Patient input also is solicited when significant changes are planned that could impact patient care and/or the patient experience. For example, both children and their parents were asked to weigh in when the children’s area of the hospital’s radiology department was slated to undergo a re-design. Based on their feedback, no juvenile-themed artwork was used to decorate the waiting room. Rather, the waiting room features a display of interactive images (an evening cityscape, exploding fireworks and erupting popcorn kernels) that change at 20- to 30-second intervals. To fulfill requests for more child-friendly exam rooms, fixtures in each room can be programmed to emit light in a child’s choice of color. “For us, involving patients of every age in any design process is a major part of the foundation of patient- and family-centered care,” Rawson says.

Communicating in Real Time
Savvy imaging providers have found that patient satisfaction also can be improved by widening communication channels. CHOMP has established a system wherein patients and staff can use their smartphones to scan QR codes posted in the department when a problem or other matter requiring attention arises. Once the code is scanned, an instant message is sent to LoMonaco’s own smartphone so that he may address the situation immediately.

“Empowering patients—and employees, for that matter—to communicate with us in real time has been and continues to be a game-changer when it comes to raising patient satisfaction levels,” LoMonaco says. “It’s easy to turn a situation around while the patient is still at the hospital. Once the person is out the door, it becomes much more difficult.”

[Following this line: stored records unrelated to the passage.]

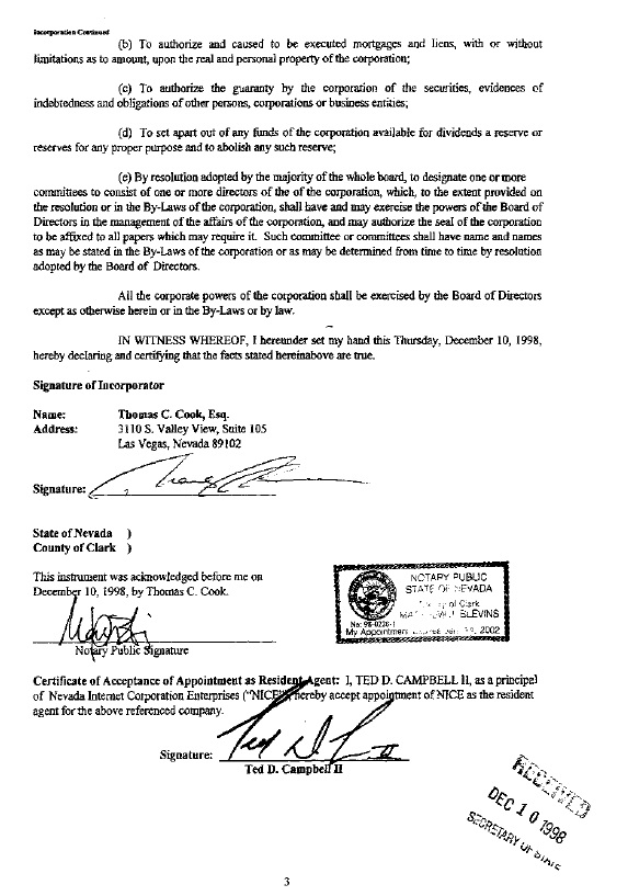 Our opinion set forth herein is limited to the Nevada Business Corporations Act and to the extent that judicial and regulatory orders or decrees or consents, approvals, licenses, authorizations, validations, filings, recordings or registrations for governmental authorities are relevant, to those required under such law.  We express no opinion and make no representation with respect to any other laws or the law of any other jurisdiction.
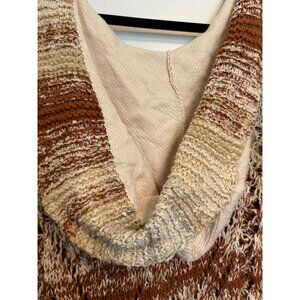 Free People Hooded Knit Sweater Womens L Multicolor Boho Textured Mixed Design
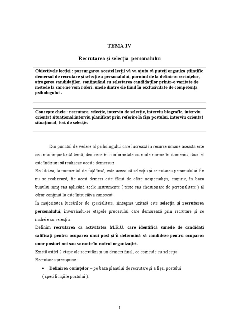 Recrutarea Si Selectia Resurselor Umane Cu Studiu De Caz Tocilar Ro
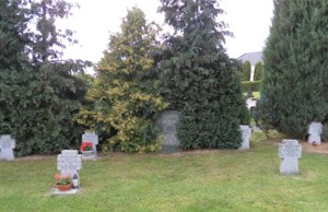 Gedenkstein in der Mitte der Kriegsgräber: „Im stillen Gedenken für die am 7.4.1945 deutschen Soldaten. Ruhet in Frieden.“
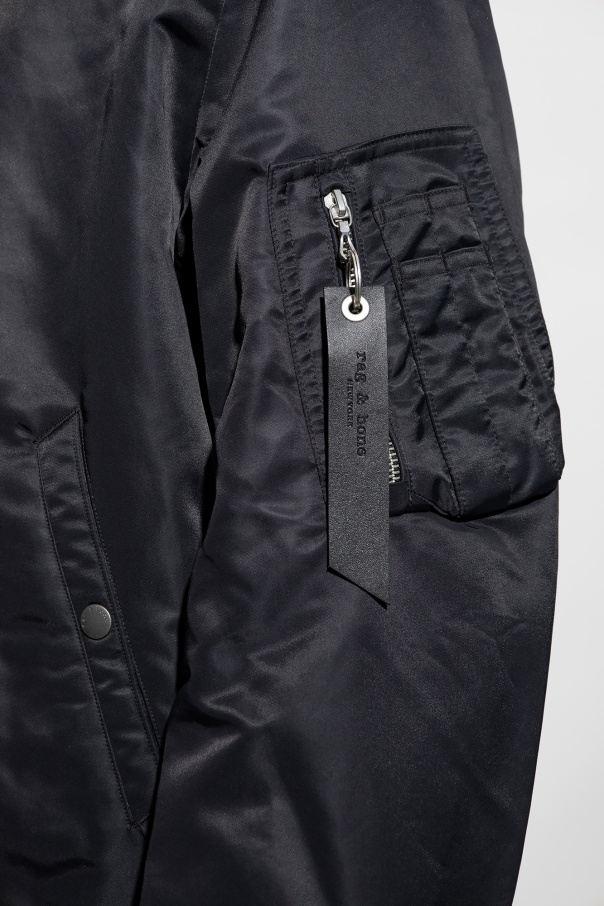 Black ‘Manston’ bomber jacket from Rag & Bone. Crafted from recycled materials, this style features a zip fastening, two snap-fastened pockets on the front, one zip pocket and four slip pockets on the sleeve and ribbing on the collar, bottom hem and cuffs.

The hospital also sends emails to patients prior to their appointments. In addition to a “thank you” for choosing CHOMP for their imaging exams, these communications feature a link patients can click to convey any needs or questions they may have before the appointment. Other specifics provided in those messages include the location of the exam and what the co-pay will be, if there is one.

“Empowering patients to control their own experience is a cornerstone of patient-centric care, and this is just another method of empowerment,” LoMonaco says.

Patient-centered radiology and patient-centered radiology strategies will undoubtedly continue to emerge and evolve as healthcare reform marches on and an increasingly educated, highly engaged base of patients seeks tighter control of their own healthcare destiny. To survive in an era and environment where value is king, private practices and hospitals alike will need to embrace these strategies with open arms.